What to do:
An exact copy is all that is wanted: the lines from the one with "Colorful Retro Gemstone" through the end of the listing below, both included, minus any pictures.

Material provided:

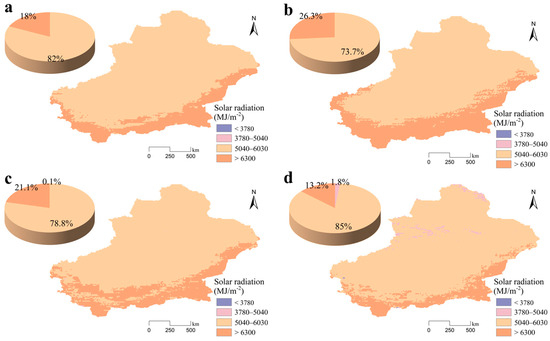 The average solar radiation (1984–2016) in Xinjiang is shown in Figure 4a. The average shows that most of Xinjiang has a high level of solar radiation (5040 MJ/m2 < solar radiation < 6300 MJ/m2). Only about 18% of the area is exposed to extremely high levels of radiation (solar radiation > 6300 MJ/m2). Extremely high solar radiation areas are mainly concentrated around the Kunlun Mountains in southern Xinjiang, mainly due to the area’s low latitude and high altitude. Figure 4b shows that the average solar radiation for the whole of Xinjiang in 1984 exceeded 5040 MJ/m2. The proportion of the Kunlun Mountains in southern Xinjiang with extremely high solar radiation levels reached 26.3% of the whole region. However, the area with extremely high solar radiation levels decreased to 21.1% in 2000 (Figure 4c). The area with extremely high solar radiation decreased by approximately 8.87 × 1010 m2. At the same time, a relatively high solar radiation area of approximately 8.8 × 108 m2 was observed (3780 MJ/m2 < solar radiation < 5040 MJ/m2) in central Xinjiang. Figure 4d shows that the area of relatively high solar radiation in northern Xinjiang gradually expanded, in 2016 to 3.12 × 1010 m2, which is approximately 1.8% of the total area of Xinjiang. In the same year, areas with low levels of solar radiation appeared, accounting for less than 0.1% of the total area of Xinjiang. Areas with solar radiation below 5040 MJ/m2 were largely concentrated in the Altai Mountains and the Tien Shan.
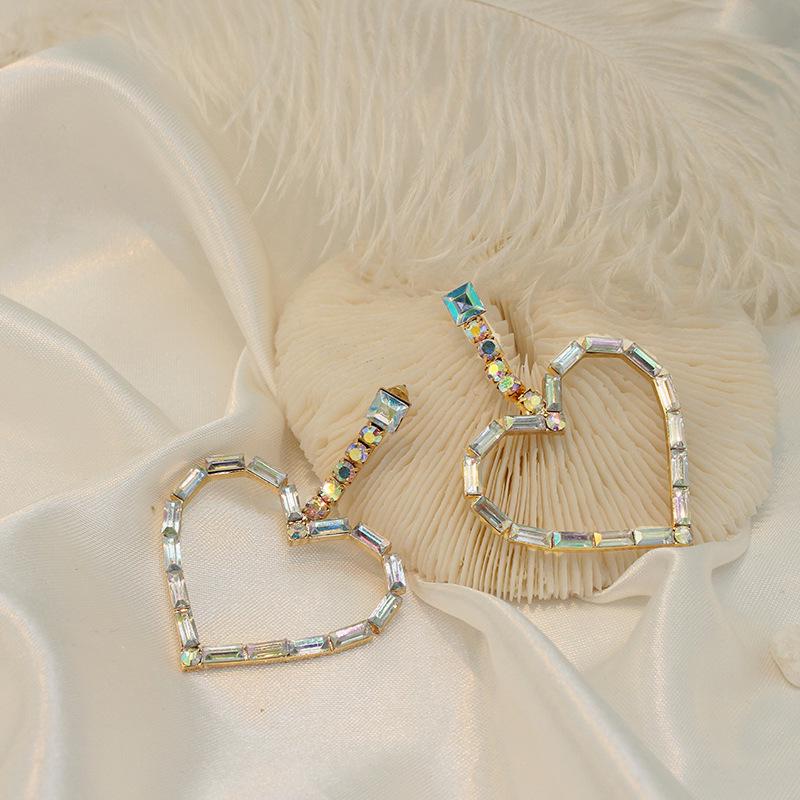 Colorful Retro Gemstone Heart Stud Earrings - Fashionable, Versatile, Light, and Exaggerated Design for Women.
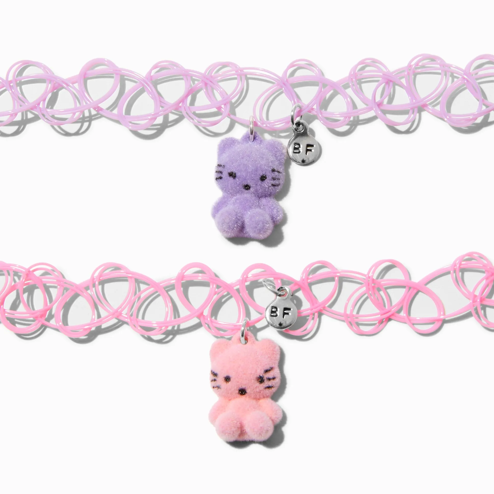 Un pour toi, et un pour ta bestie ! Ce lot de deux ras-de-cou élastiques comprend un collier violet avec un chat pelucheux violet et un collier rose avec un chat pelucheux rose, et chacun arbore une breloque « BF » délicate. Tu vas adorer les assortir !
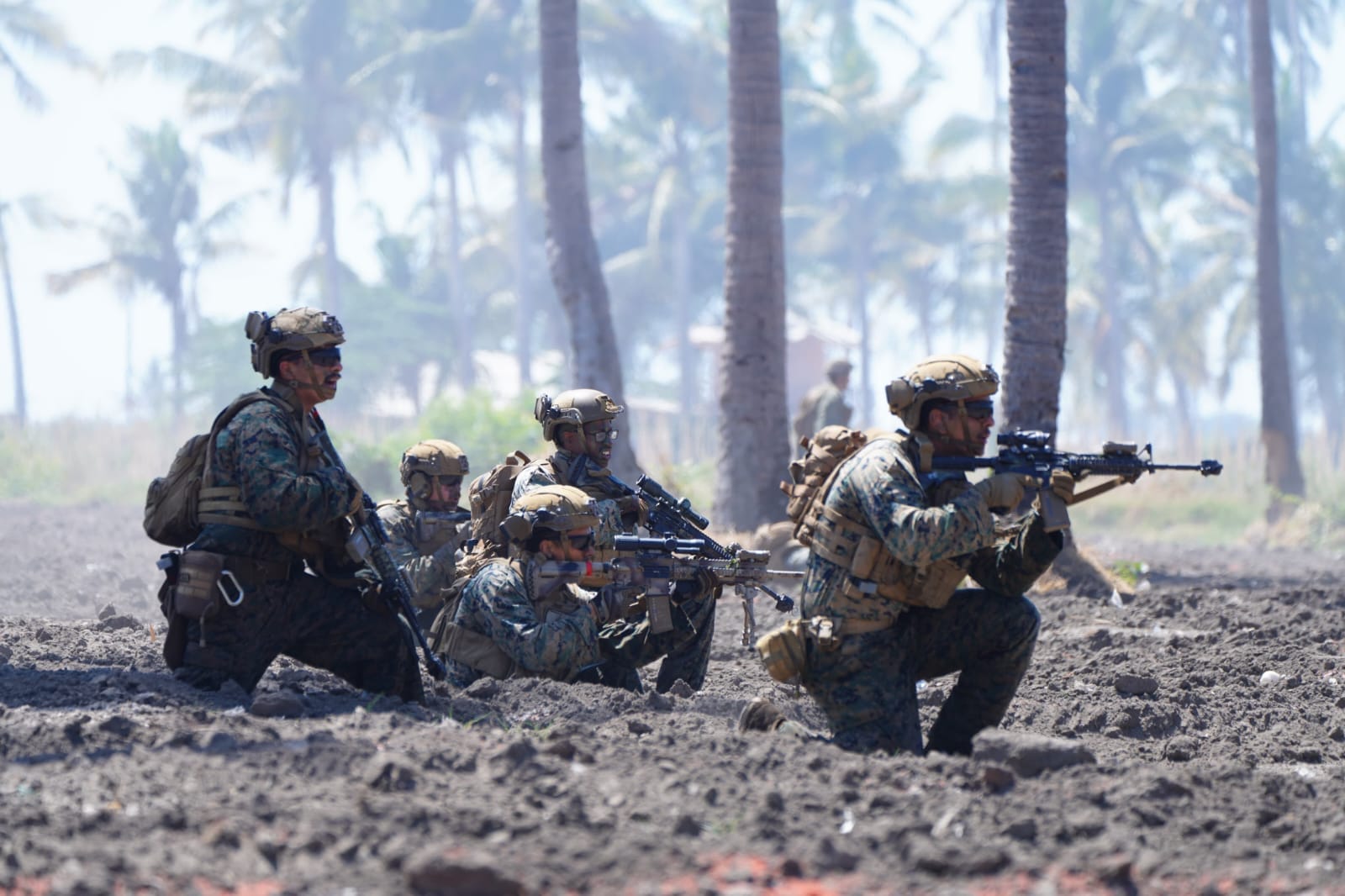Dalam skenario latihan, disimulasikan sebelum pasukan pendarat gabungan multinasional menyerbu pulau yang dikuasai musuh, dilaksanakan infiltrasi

Result of this exercise:
 Colorful Retro Gemstone Heart Stud Earrings - Fashionable, Versatile, Light, and Exaggerated Design for Women.
 Un pour toi, et un pour ta bestie ! Ce lot de deux ras-de-cou élastiques comprend un collier violet avec un chat pelucheux violet et un collier rose avec un chat pelucheux rose, et chacun arbore une breloque « BF » délicate. Tu vas adorer les assortir !
Dalam skenario latihan, disimulasikan sebelum pasukan pendarat gabungan multinasional menyerbu pulau yang dikuasai musuh, dilaksanakan infiltrasi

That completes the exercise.